_GOAL OF THE EXERCISE_
Reproduce, unaltered, the line with "Pero la constante" along with every line that follows it in the records, up to the last.

_Records from a data source_
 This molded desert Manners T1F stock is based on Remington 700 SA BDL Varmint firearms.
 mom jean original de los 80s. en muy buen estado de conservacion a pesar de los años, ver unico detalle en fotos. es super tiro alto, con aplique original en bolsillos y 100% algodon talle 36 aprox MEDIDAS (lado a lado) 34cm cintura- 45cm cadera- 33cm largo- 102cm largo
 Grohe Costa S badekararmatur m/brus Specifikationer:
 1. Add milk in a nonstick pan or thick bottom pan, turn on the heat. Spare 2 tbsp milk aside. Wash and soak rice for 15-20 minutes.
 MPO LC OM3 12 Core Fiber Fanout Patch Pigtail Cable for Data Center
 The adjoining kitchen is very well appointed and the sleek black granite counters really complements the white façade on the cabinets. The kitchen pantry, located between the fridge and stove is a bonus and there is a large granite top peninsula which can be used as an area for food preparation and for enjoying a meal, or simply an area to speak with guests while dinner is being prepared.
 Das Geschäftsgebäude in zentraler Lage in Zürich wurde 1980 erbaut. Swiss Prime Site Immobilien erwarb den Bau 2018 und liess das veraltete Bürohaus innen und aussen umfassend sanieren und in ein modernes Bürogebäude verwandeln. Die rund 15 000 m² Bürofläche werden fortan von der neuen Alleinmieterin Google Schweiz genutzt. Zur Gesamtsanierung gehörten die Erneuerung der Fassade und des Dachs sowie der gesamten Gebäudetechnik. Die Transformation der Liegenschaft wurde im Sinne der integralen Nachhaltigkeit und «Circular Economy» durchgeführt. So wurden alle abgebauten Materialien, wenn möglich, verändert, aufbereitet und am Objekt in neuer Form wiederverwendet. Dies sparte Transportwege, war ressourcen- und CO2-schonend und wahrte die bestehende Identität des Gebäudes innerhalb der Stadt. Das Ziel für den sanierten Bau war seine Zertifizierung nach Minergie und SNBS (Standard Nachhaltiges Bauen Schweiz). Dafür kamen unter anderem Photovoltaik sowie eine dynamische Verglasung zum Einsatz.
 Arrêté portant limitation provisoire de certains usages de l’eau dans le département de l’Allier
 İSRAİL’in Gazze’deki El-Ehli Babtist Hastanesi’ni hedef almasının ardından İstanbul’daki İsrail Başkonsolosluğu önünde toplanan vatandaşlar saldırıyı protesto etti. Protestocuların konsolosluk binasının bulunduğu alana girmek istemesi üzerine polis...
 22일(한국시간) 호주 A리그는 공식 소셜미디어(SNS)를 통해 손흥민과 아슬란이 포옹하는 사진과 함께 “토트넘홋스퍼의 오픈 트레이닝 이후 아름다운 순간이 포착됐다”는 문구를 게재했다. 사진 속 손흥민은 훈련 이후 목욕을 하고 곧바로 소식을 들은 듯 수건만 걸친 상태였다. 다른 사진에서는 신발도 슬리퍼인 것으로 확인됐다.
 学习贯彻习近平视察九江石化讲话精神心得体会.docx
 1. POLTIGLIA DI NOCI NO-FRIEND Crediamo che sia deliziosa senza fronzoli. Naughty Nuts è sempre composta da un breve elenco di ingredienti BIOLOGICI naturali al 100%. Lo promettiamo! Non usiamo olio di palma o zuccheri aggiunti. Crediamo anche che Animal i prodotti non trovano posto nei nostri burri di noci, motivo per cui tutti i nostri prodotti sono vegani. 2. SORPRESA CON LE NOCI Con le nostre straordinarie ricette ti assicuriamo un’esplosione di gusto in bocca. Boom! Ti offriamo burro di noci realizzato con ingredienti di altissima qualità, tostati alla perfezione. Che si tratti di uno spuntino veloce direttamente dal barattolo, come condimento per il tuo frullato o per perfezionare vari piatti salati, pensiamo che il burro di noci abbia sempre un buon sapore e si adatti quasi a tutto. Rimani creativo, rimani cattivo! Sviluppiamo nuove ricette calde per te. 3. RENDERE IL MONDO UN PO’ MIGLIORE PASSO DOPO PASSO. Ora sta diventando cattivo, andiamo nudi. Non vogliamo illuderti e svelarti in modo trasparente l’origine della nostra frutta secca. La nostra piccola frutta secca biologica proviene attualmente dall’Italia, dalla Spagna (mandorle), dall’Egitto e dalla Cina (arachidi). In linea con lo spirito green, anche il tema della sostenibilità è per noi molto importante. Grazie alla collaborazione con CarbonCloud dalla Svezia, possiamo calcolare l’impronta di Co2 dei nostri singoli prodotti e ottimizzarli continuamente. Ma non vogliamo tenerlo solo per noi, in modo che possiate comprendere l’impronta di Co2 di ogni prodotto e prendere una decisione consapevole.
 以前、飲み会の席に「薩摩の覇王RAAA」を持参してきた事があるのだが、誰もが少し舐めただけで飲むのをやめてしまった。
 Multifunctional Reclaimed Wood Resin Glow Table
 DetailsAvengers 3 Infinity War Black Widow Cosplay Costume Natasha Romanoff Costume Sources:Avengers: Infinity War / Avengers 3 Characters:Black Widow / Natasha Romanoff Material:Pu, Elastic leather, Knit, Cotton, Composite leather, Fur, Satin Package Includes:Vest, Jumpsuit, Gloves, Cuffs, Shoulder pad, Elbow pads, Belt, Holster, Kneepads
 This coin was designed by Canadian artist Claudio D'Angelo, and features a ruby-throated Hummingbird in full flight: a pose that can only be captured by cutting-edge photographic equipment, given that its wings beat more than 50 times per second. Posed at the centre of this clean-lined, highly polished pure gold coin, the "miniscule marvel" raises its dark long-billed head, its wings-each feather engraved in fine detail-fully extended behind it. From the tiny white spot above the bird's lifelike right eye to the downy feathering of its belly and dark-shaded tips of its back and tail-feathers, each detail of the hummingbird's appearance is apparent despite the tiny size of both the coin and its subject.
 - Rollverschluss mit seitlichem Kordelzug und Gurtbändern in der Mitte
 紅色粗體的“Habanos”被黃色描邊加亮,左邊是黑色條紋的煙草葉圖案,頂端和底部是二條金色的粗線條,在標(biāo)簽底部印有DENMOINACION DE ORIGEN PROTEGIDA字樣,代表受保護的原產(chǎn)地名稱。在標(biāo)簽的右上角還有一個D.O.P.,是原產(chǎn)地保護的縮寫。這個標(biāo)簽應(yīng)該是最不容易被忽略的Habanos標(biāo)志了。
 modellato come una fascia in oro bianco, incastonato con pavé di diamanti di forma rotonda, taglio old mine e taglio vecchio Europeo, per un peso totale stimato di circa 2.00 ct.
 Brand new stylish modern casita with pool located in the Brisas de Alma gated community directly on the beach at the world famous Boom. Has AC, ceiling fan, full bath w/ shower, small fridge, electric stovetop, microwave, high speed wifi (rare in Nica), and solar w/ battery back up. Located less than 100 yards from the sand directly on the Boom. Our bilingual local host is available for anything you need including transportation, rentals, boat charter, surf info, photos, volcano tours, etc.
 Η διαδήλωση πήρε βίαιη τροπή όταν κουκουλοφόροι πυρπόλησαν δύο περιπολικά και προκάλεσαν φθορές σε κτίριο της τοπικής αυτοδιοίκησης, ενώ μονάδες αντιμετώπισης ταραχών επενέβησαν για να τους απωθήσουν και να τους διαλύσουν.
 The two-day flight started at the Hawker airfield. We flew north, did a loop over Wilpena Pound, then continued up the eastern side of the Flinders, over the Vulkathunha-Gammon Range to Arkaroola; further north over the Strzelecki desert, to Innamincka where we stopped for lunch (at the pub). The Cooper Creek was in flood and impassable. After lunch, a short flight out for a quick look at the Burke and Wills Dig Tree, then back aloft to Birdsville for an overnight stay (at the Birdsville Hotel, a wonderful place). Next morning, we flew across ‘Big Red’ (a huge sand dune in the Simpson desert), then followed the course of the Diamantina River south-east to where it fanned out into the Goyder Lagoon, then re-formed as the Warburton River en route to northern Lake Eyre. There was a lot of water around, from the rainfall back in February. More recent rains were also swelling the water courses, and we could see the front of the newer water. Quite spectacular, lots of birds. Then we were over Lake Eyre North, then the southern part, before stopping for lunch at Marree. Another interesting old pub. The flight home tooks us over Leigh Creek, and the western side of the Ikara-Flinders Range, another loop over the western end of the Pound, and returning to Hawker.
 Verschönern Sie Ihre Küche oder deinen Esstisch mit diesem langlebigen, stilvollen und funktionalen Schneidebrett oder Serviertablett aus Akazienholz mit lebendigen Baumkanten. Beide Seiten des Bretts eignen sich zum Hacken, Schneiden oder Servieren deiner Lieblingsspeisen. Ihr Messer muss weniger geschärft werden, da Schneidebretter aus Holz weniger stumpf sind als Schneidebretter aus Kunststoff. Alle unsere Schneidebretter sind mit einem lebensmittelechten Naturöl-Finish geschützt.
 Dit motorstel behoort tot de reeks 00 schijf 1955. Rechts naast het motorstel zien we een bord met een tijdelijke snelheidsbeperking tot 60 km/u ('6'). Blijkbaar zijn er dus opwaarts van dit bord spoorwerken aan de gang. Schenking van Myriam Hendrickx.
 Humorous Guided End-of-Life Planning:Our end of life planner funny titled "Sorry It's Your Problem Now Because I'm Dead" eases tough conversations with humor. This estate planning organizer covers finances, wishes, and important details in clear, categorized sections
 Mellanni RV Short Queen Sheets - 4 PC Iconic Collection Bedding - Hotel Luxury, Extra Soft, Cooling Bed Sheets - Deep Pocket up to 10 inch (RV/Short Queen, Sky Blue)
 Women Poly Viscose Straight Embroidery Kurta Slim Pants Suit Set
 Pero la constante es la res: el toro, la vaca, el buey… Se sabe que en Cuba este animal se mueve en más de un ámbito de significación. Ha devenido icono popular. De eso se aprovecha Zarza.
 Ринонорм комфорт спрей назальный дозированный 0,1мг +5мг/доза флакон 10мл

_ANSWER SECTION_
 Pero la constante es la res: el toro, la vaca, el buey… Se sabe que en Cuba este animal se mueve en más de un ámbito de significación. Ha devenido icono popular. De eso se aprovecha Zarza.
 Ринонорм комфорт спрей назальный дозированный 0,1мг +5мг/доза флакон 10мл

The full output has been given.